Correlation Between Fu Burg and Tigerair Taiwan
Can any of the company-specific risk be diversified away by investing in both Fu Burg and Tigerair Taiwan at the same time? Although using a correlation coefficient on its own may not help to predict future stock returns, this module helps to understand the diversifiable risk of combining Fu Burg and Tigerair Taiwan into the same portfolio, which is an essential part of the fundamental portfolio management process.

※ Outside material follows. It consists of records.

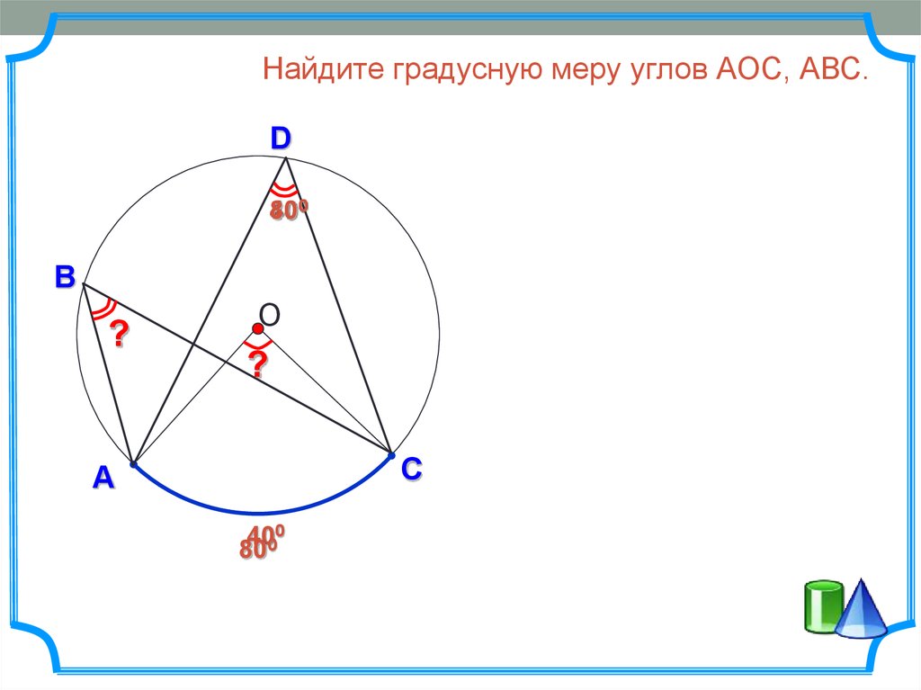 Найдите градусную меру углов АОC, АВС.D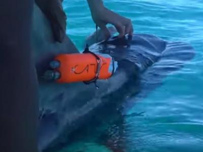 研究员把特殊标签固定于虎鲨的背鳍上。影片显示虎鲨没有试图追...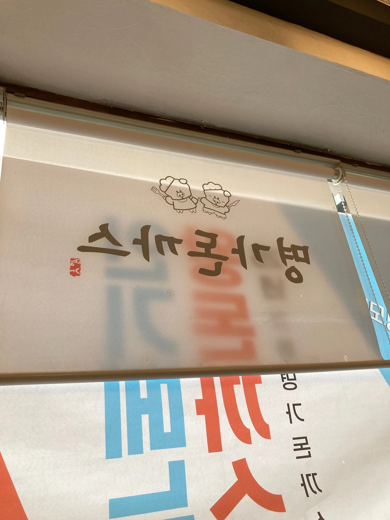 식사 중에 창밖에 설치된 블라인드를 보게 되었는데 돼지 캐릭터가 포크와 칼을 들고 돈까스 집을 홍보하고 있는 모양새가 제법 우스웠다.
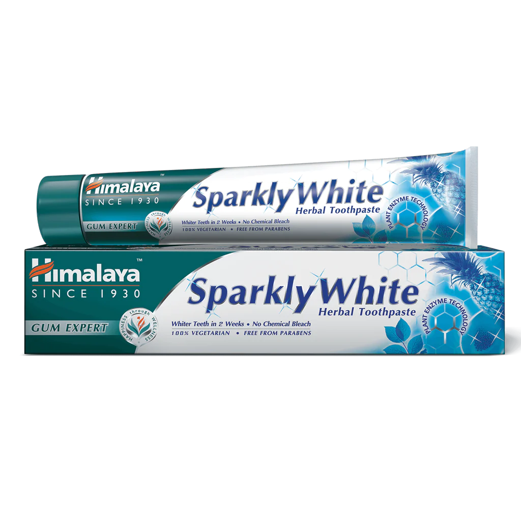 Himalaya Sparkly White Herbal Tooth Paste whiter teeth in 2 weeks, no chemical bleach, free from parabens.

By analyzing existing cross correlation between Fu Burg Industrial and Tigerair Taiwan Co, you can compare the effects of market volatilities on Fu Burg and Tigerair Taiwan and check how they will diversify away market risk if combined in the same portfolio for a given time horizon. You can also utilize pair trading strategies of matching a long position in Fu Burg with a short position of Tigerair Taiwan. Check out your portfolio center. Please also check ongoing floating volatility patterns of Fu Burg and Tigerair Taiwan.
Diversification Opportunities for Fu Burg and Tigerair Taiwan
0.36 | Correlation Coefficient |
Weak diversification
The 3 months correlation between 8929 and Tigerair is 0.36. Overlapping area represents the amount of risk that can be diversified away by holding Fu Burg Industrial and Tigerair Taiwan Co in the same portfolio, assuming nothing else is changed. The correlation between historical prices or returns on Tigerair Taiwan and Fu Burg is a relative statistical measure of the degree to which these equity instruments tend to move together. The correlation coefficient measures the extent to which returns on Fu Burg Industrial are associated (or correlated) with Tigerair Taiwan. Values of the correlation coefficient range from -1 to +1, where. The correlation of zero (0) is possible when the price movement of Tigerair Taiwan has no effect on the direction of Fu Burg i.e., Fu Burg and Tigerair Taiwan go up and down completely randomly.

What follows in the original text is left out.